Here’s one thing a woman can do about TV repairs (Oct, 1955)
WHEN YOUR TV PICTURE “ACTS UP”
Here’s one thing a woman can do about TV repairs
Fine quality tubes are essential for the best and clearest TV pictures and sound. However, just as your electric light bulbs wear out… TV and Radio tubes gradually lose their strength and need to be replaced.
So here’s one way to be sure they are replaced with fine quality tubes. Just ask your serviceman for CBS tubes. There are no better tubes made… and CBS tubes have the Good Housekeeping Guaranty Seal.Ask to see the cartons.
Whether it is a big picture tube, or the small tubes in your TV set Or Radio… be sure the replacement tube comes from a CBS carton with the Good Housekeeping Guaranty Seal.
CBS TUBES have this seal
CBS-HYTRON, Danvers, Massachusetts
A DIVISION OF COLUMBIA BROADCASTING SYSTEM, INC.





Wait about 20 years and get a solid state set!
Weren’t other things like capacitors more likely to fail? The “acting up” television looks like its vertical amplifier is generating almost precisely half its normal output.
Tubes were far more likely to fail than capacitors. Some of the drug stores had tube testers for do-it-yourself repairmen. A tube diagram inside the cabinet showed you where to put them back.
Some of these old ads are sickening… Hell in 1955 she might have BUILT the damn thing…
Tubes were more likely to go. Capacitors on those old sets were big aluminum “juice cans” and didn’t go bad usually. Maybe if the set is was 10 years old. Also, the picture looks more like a symptom of low voltage than that of a bad tube. Both the vertical and horizontal outputs look low. Two different circuits. I loved using those tube testers that were in every drug store and hardware store. “Awe gee that neon light shows me that my 5A87 tube is gassy”
I have fond memories of going to Thrifty Drug with my Dad, waiting while he tried out the various tubes on the tester. Inevitably they were out of the one he needed.
I remember this machine as well http://www.retroaudiola…
Speaking of capacitors — legend has it that Sprague “Black Beauty” encapsulated capacitors were often prone to fail in tube-type electronics. Sometimes visibly so, in that they eventually gained the nickname, “Black Ugly.”

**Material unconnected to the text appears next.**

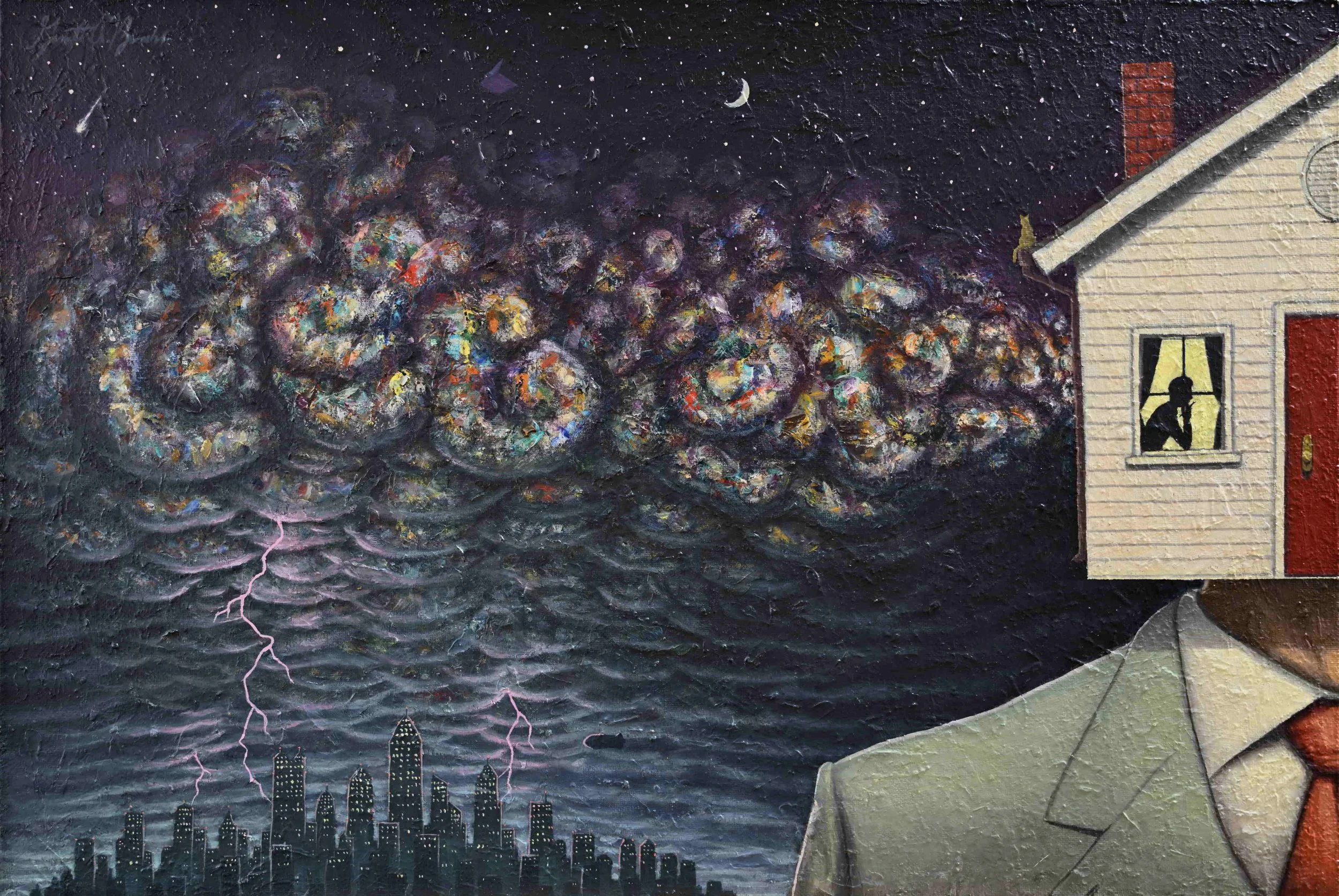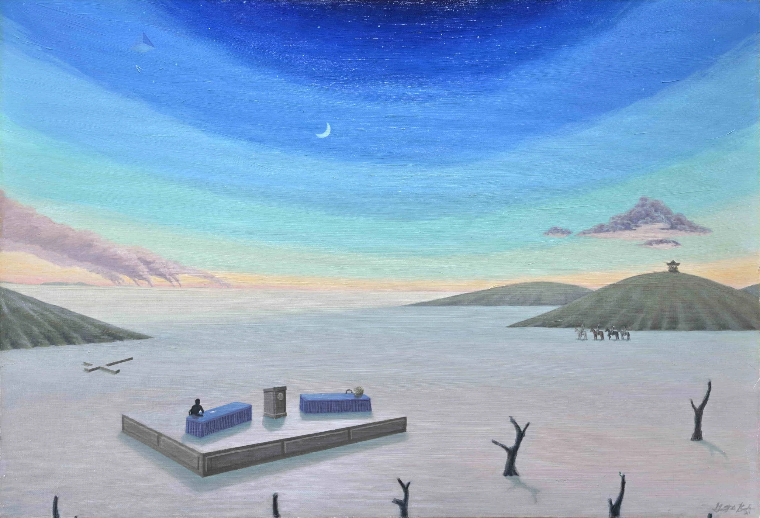 Exile, 2021, oil on canvas - 50 x 72.4 x 2.1 cm

Ah, yes…tube testers at the drugstore and even Radio Shack, back in the day. With the cynicism of hindsight, I can only wonder if some (if not all) of these were, ahem, “biased” to show a tube failure when it might not have been. In the interest of selling replacement tubes, of course.
@Ted That’s the whole point of these old ads. This one is so incredibly sexist it’s almost unbelievable.
MM doesn’t usually go back far enough to find comparably racist ads. Here’s my favorite:
http://upload.wikimedia…
I remember that one too, Firebrand38! I think it was right beside the buggy whip department.
Charlene: Go easy on that stuff! This was part of my childhood! Buggy whips? Yeah, right next to the lamp oil.